Andrew Amers-Morrison

Personal information
- Full name: Andrew Amers-Morrison
- Date of birth: 20 September 1970 (age 55)
- Place of birth: Scotland

Managerial career
- Years: Team
- 2010: Seychelles

= Andrew Amers-Morrison =

British association football coach

Andrew Amers-Morrison (born 20 January 1970) is a British association football coach based in London.

Amers-Morrison founded a soccer community club for youth in London in 2005. In 2009, he received a GG2 Leadership & Diversity Award for his efforts.

In September 2010 he was appointed as manager of the Seychelles national football team. He was appointed after visiting the country on holiday and the Seychellois football officials mistakenly believed him to be Scottish former Manchester City player Andy Morrison.

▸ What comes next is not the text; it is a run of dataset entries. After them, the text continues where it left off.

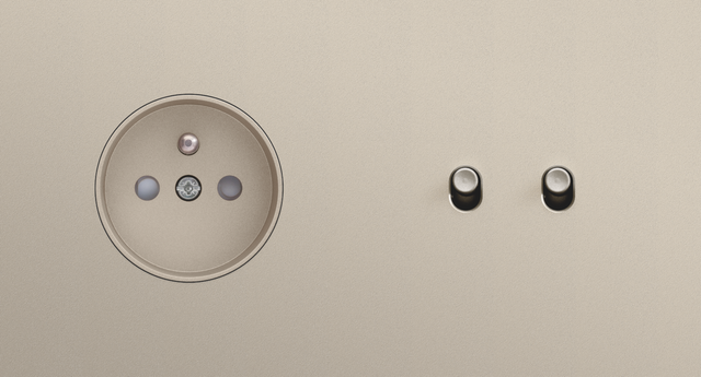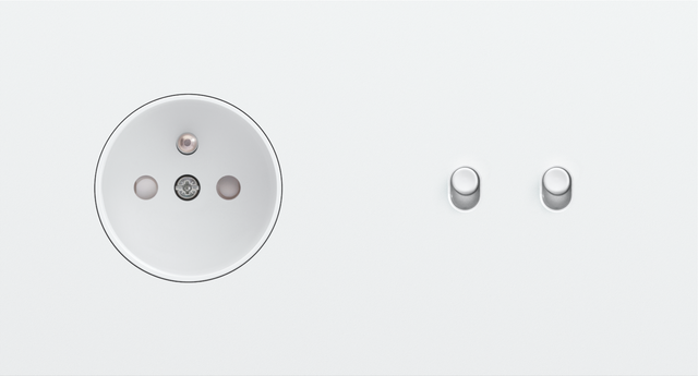 The Niko Toggle twofold horizontally oriented faceplateclicks onto a socket outlet and a double switch function that have been vertically installed on top of each other with a centre distance of 71 mm. The faceplate combines with any available Niko Rocker and Niko Toggle socket outlet finishing set and a Niko Toggle double switch function. It consists of an upper frame, light guide and lower frame that are mechanically interconnected. The upper frame is made of steel. The lower frame is made of white polycarbonate (PC) + acrylic-styrene-acrylate (ASA), white coated. The upper frame is 2 mm thick and the lower frame 6 mm.
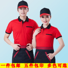 酒店工作服夏装T恤定制LOGO奶茶店快餐厅服务员工装火锅店工作服
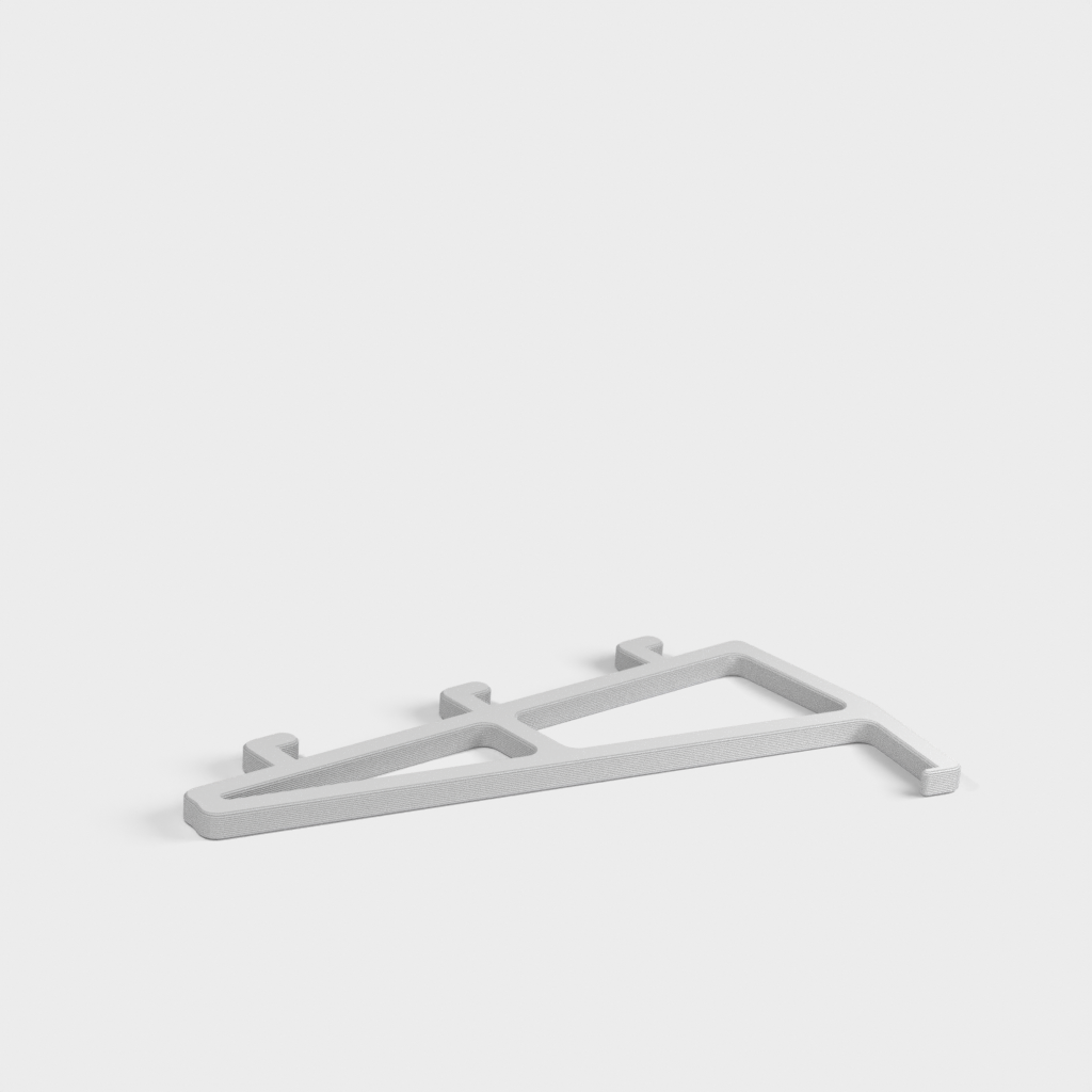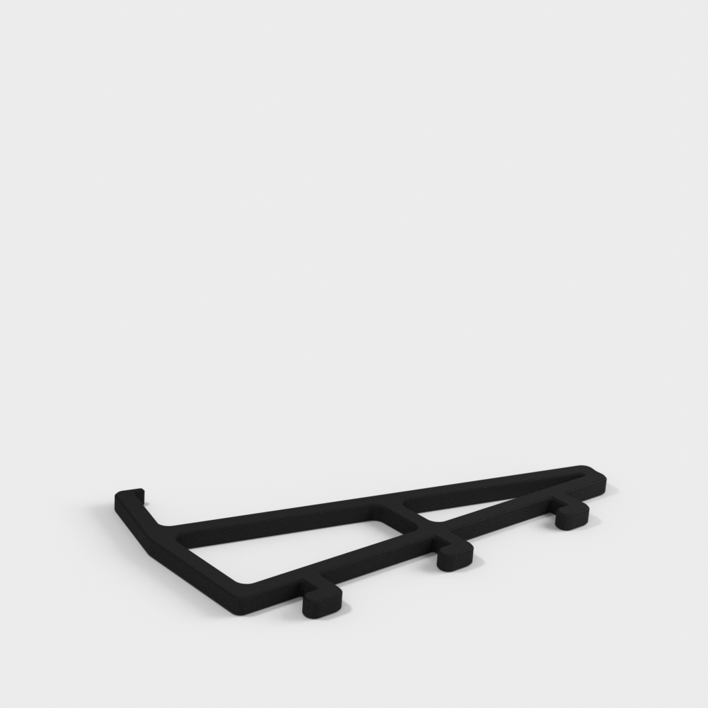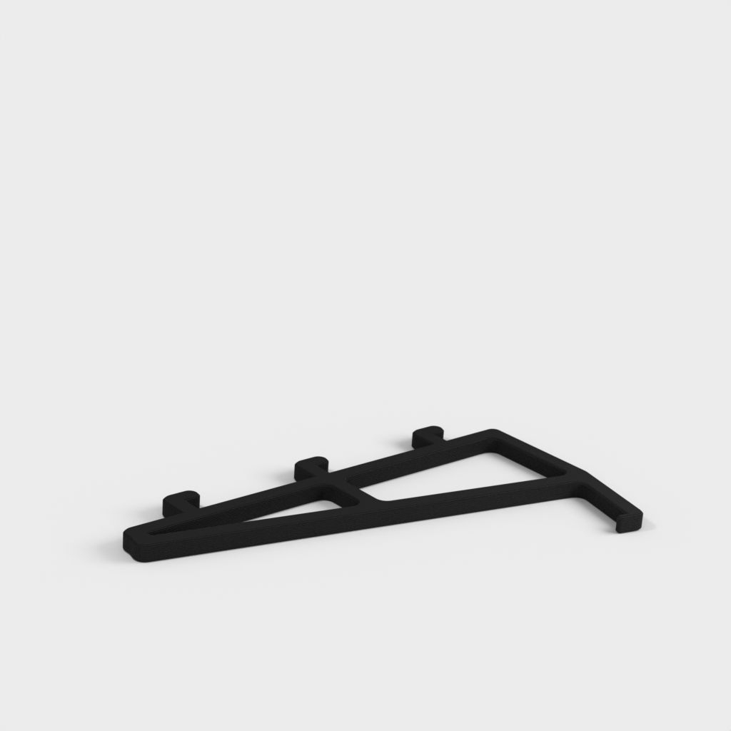 Držák klávesnice Skadis je držák klávesnice pro děrovanou desku Skadis. Velký držák klávesnice snadno pojme klávesnice s 5-7 řadami. „Police“ držáku je dlouhá 20 mm a vysoká přibližně 115 mm, což ponechává dostatek místa nad držákem pro vyšší desky. Menší držák klávesnice se hodí pro klávesnice s až 5 řadami, a to i přes náš počáteční plán použít na nich pouze 4 řady. Police je stále dlouhá 20 mm, ale pouze 77 mm vysoká.

Suketu Patel, chairman of the Seychelles Football Federation (SFF) conceded "We thought we were getting the real Andy Morrison".

Initially the SFF offered him a two-year contract but reduced it to six months when they realised their error. The SFF sacked him two weeks later because they "could no longer be certain if he was still the right person to head the coaching staff of the national team". Reportedly, he travelled to the 2010 COSAFA U-20 Cup with the squad, where Seychelles lost their two games and did not advance past the group stage.